Here, $f_1$ and $f_2$ are the drift functions, $g_{11}$ and $g_{22}$ are the diffusion terms, and $g_{12}$ and  $g_{21}$ are the cross-diffusion terms. This equation can also be written in the vector form as:

$$
\frac{d \mathbf{x}}{dt} = \mathbf{f}(\mathbf{x}) + \mathbf{g}(\mathbf{x}) \boldsymbol \eta
$$

where $\mathbf{x} = \begin{bmatrix} x \\ y \end{bmatrix}$,
$\mathbf{f} = \begin{bmatrix} f_1 \\ f_2 \end{bmatrix}$,
$\mathbf{g} = \begin{bmatrix} g_{11} & g_{12} \\ g_{21} & g_{22} \end{bmatrix}$ and
$\boldsymbol \eta = \begin{bmatrix} \eta_1 \\ \eta_2 \end{bmatrix}$.

PyDaddy can estimate the drift function directly.

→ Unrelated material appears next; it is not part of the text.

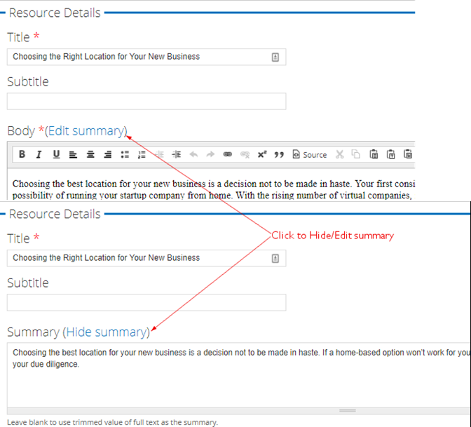 The summary is what appears in the content list on landing pages and search. If the summary is left blank, then the first few lines of the body copy will be displayed. The summary is also used as the page meta description (unless changed). So it is important that this is filled out whenever possible. This appears at the top of most pages just below the title and subtitle fields. You must click to display the summary field on the page. See the image below.

For diffusion, PyDaddy estimates 
$\mathbf G = \begin{bmatrix} G_{11} & G_{12} \\ G_{21} & G_{22} \end{bmatrix} = \mathbf g \mathbf g^T$.

In [None]:
# Execute this cell to set up PyDaddy in your Colab environment.
%pip install git+https://github.com/tee-lab/PyDaddy.git

In [None]:
import pydaddy

## Initializing the `pydaddy` object

Similar to the scalar analysis, we need to initialize a `pydaddy` object. In this case, `data` will be a two element list.

In [None]:
data, t = pydaddy.load_sample_dataset('model-data-vector-ternary')
ddsde = pydaddy.Characterize(data, t, bins=20)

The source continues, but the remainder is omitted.